Required action> Leave the pictures out and quote only the lines from the one with "คือ จำนวนนาที ที่น้องเรียนไปแล้วในคอร์สนี้" down to the end of the listing below.

Information shown>
________________________________________

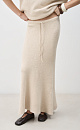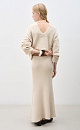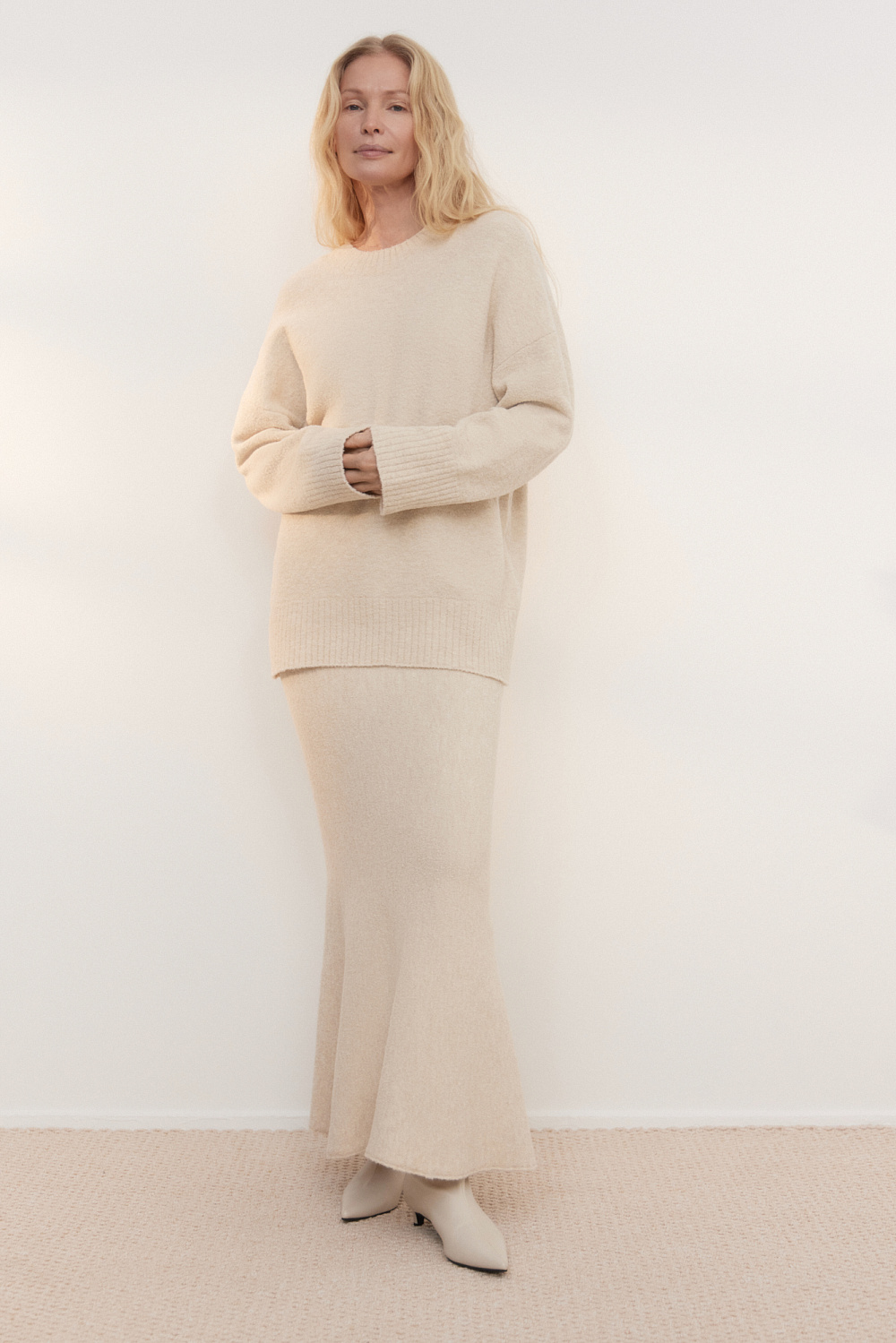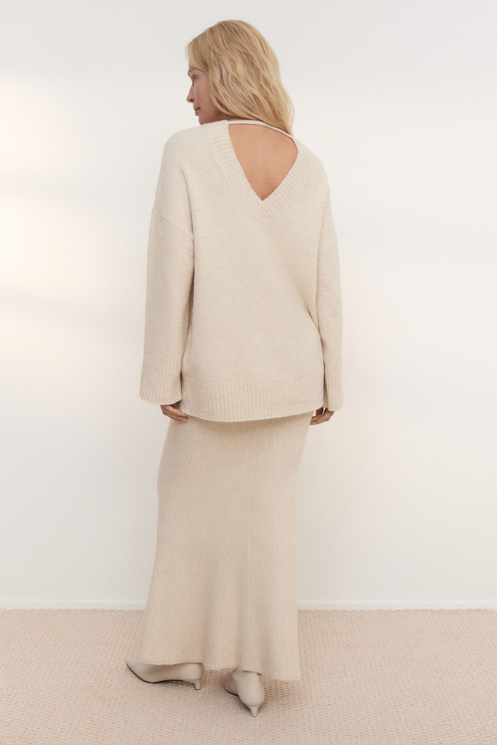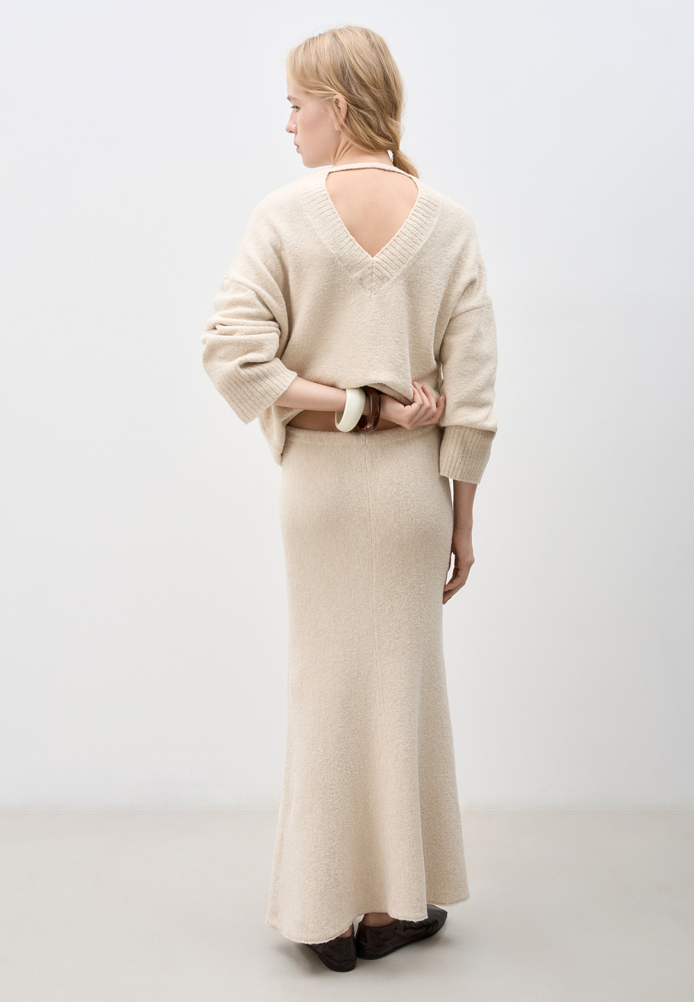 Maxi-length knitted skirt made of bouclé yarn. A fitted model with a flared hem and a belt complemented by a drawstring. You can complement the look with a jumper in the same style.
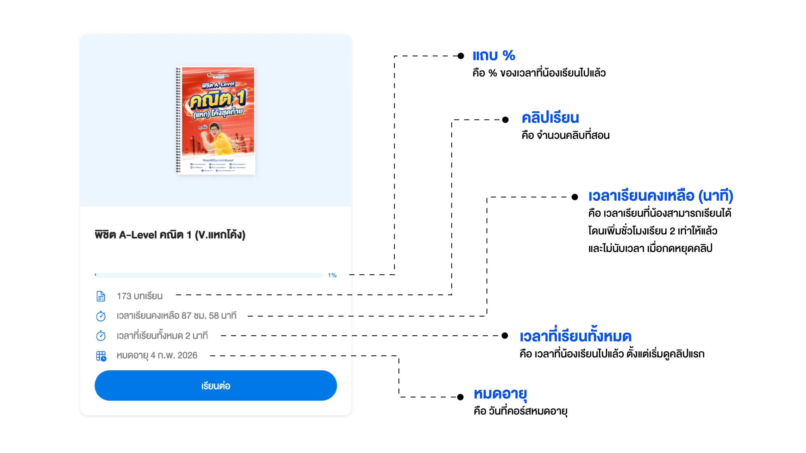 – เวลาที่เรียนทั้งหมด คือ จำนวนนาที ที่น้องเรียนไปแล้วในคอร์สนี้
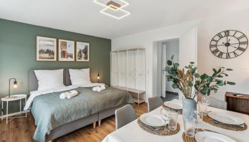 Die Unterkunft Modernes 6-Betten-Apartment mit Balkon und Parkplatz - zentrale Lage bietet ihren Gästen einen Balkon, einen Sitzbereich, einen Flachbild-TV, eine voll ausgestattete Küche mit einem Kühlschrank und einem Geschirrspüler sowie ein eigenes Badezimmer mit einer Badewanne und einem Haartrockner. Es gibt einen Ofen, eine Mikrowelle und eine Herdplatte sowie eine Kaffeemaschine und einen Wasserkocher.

________________________________________

Solution below>
 – เวลาที่เรียนทั้งหมด คือ จำนวนนาที ที่น้องเรียนไปแล้วในคอร์สนี้
 Die Unterkunft Modernes 6-Betten-Apartment mit Balkon und Parkplatz - zentrale Lage bietet ihren Gästen einen Balkon, einen Sitzbereich, einen Flachbild-TV, eine voll ausgestattete Küche mit einem Kühlschrank und einem Geschirrspüler sowie ein eigenes Badezimmer mit einer Badewanne und einem Haartrockner. Es gibt einen Ofen, eine Mikrowelle und eine Herdplatte sowie eine Kaffeemaschine und einen Wasserkocher.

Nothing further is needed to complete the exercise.